# Gun Show Prize, sorta........



## Bob Wright (May 10, 2006)

Last Saturday a gun show was held in Memphis. Sort of thought I might walk around, just for a look. Well, there was this Ruger Single Six, for $200, so took it home. I believe the gun is unfired, seems to date back to 1963:










Bob Wright


----------



## zhurdan (Mar 21, 2008)

FOR $200?? Wow! Great find!

Zhur


----------



## Baldy (Jun 21, 2006)

Great revolver and a great buy. You should have a lot of fun with that one for sure. I been going to gun shows in my area for years and have never found a good looking used Ruger like that. Good luck with it Bob. :smt023


----------



## DevilsJohnson (Oct 21, 2007)

Been to a lot of gun shows but never got a deal like that..Great buy:smt023


----------



## revolvers&w (Sep 28, 2008)

WOW!
Enjoy


----------



## Ram Rod (Jan 16, 2008)

Nice find! I never get that lucky.


----------



## Wyatt (Jan 29, 2008)

Man, the gun shows suck in my area. I haven't even found ammo any cheaper than Walmart.
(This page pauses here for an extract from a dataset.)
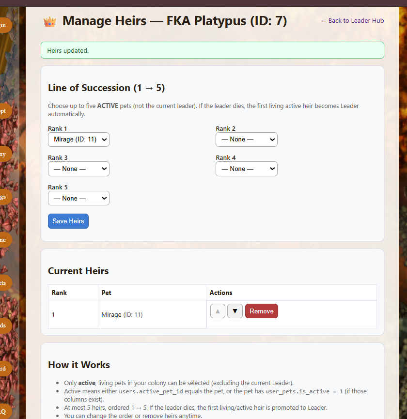 --added in Hiers- you can choose up to 5 active pets to become the leader in the event of the leaders death-

Forget about coming across a great find on a firearm. :smt076

I'm jealous, but congrats Bob!


----------



## BigMatt (Sep 4, 2008)

_Classified ads must be posted in the appropriate subforum._ - Mike


----------



## Teuthis (Apr 9, 2008)

Price aside, that is an outstanding find. Though I believe Ruger makes even better firearms now than in the past, it is unlikely that your Single Six has been surpassed in quality or function. Enjoy!


----------